Chuck chuck at mutualaid.org
Sun Mar 25 15:31:38 PDT 2007


Yoshie Furuhashi wrote:


> It's not just megachurches. Almost all religious organizations, even
> small ones, offer social services of many kinds. What social services
> secular leftists offer? Nothing, for there is currently no secular
> leftist organization that can rival even smallish mainline Protestant
> denomination.

Most small and medium churches offer some kind of social services, in addition to regular social activities. I firmly believe, pardon the pun, that most church membership in the U.S. is driven by people who are interested in community. Capitalism is so effective at dividing people, privatizing social spaces, and otherwise alienating people that churches just reap the desire that most people have for community.

This should be obvious to the left, but the left just prefers to wallow in its own imagined marginalization. I just don't get this, because we always say that we want to build a society that bring back community and all those good things we want.
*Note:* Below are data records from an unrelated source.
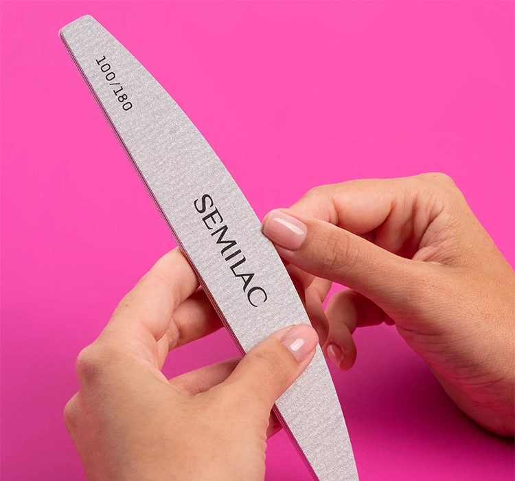Пилочка Semilac имеет также две градации. Одна сторона мелкозернистая с градацией 180, а вторая среднезернистая с градацией 100. Благодаря этому можно сократить натуральные и наращенные ногти и без проблем устранить гелевую или акриловую массу.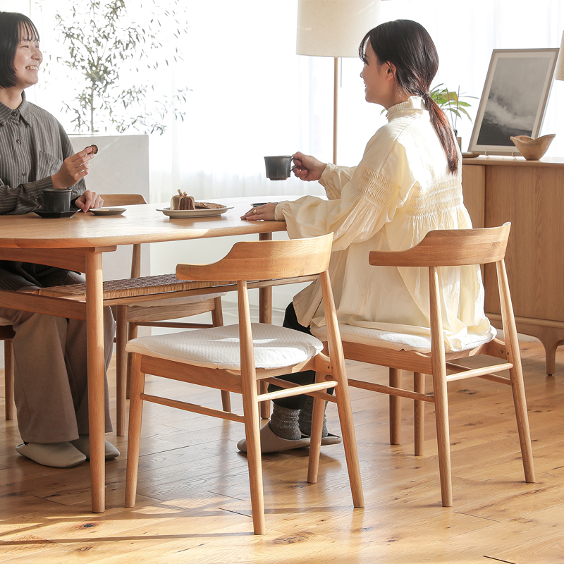 家族みんなが使うダイニングチェアだからこそ、気軽にお手入れできるのは大きな安心。いつでも清潔な状態で、気持ちよく使い続けていただけます。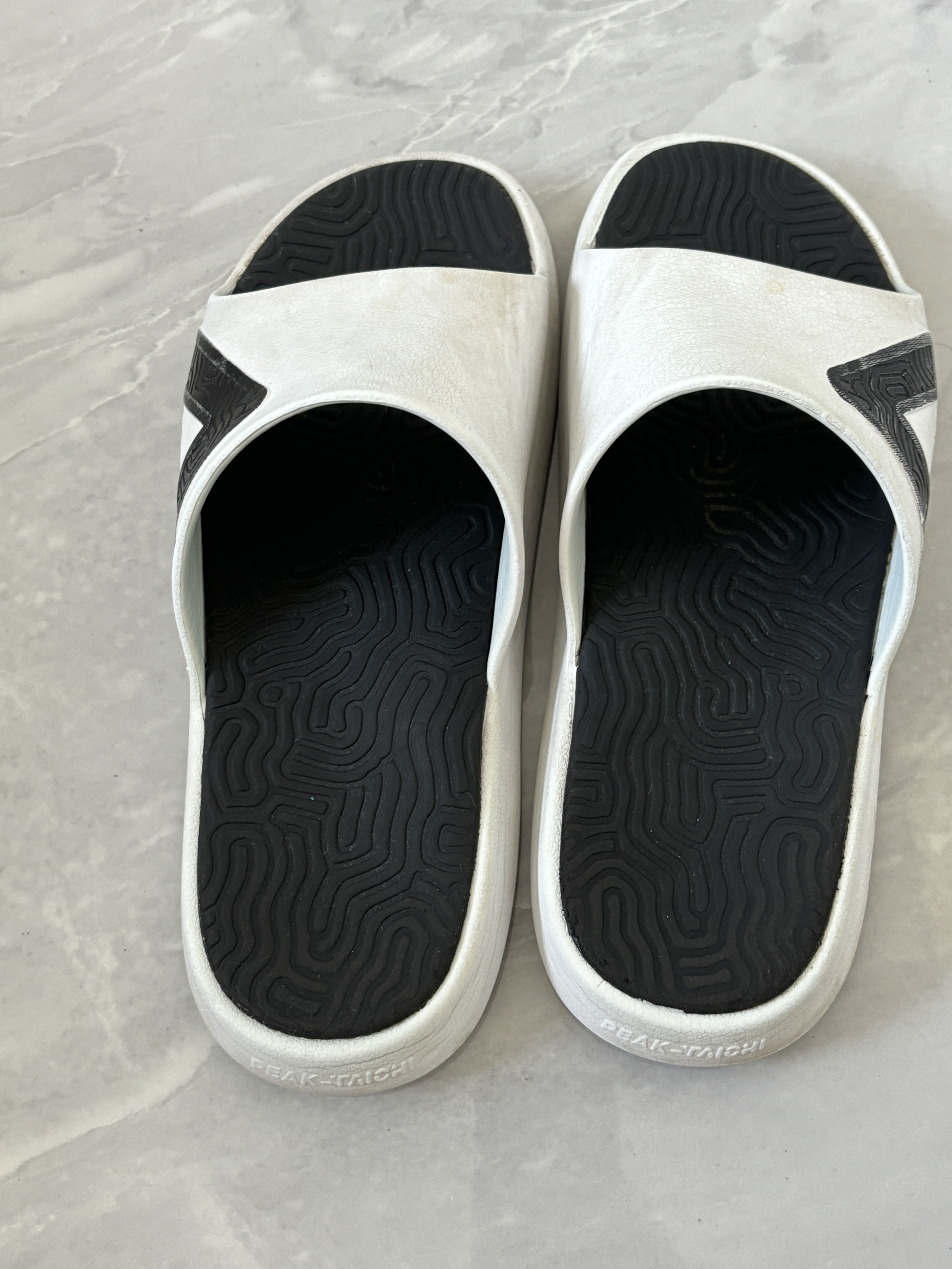 🩷鞋子的配色方面呢,是白色和黑色经典的太极配色 🤎节日的舒适度方面,我这里的评价是非常高的,鞋子很固定脚型,鞋面适应脚面👟 ❤️价格方面的也是比较适中,性价比很高的和市面上¥10 ¥20的拖鞋完全不一样👟

In some ways, leftists are more pie-in-the-sky than the religious people. They promise imaginary rewards, but they provide concrete things for people.

And it pisses me off to no fucking end that those of us who understand this and who have been working on a strategy of building counter-institutions, are berated and undermined by idiots who refer to our work as being "lifestylism" or whatever. I've worked on projects like infoshop for over a decade because I understand that American working class movements a century ago had networks of counter-institutions.

If you don't have a base of counter-institutions, community, counter-culture and radical infrastructure, then you ain't going to see any mass movement develop. You can't just create political organizations and expect people to flock to them. The primary function of political oranizations are to have meetings and people hate meetings.

If we can't give working class people something now, they aren't going to buy any of our programs, no matter how eloquently they are stated.


> There are trade unions, but trade unions are by nature exclusive, and
> laws, employers, and unions' own rules make it very difficult for
> American workers to join one even if they want to do so.

And union organizers are some of the most elitist, sanctimonius, condescending people that you'll run into on the left. I have met very few union organizers that didn't turn me off by their attitude.


> And in an increasing number of areas outside the USA, religious
> organizations, which provide social services as well as armed self
> defense, are often the main organizations of resistance to the empire.

You know, this is obvious to me. I think the American left just wants to deny the obvious. They don't want to hear this. It's just more comfortable to rationalize your own marginality.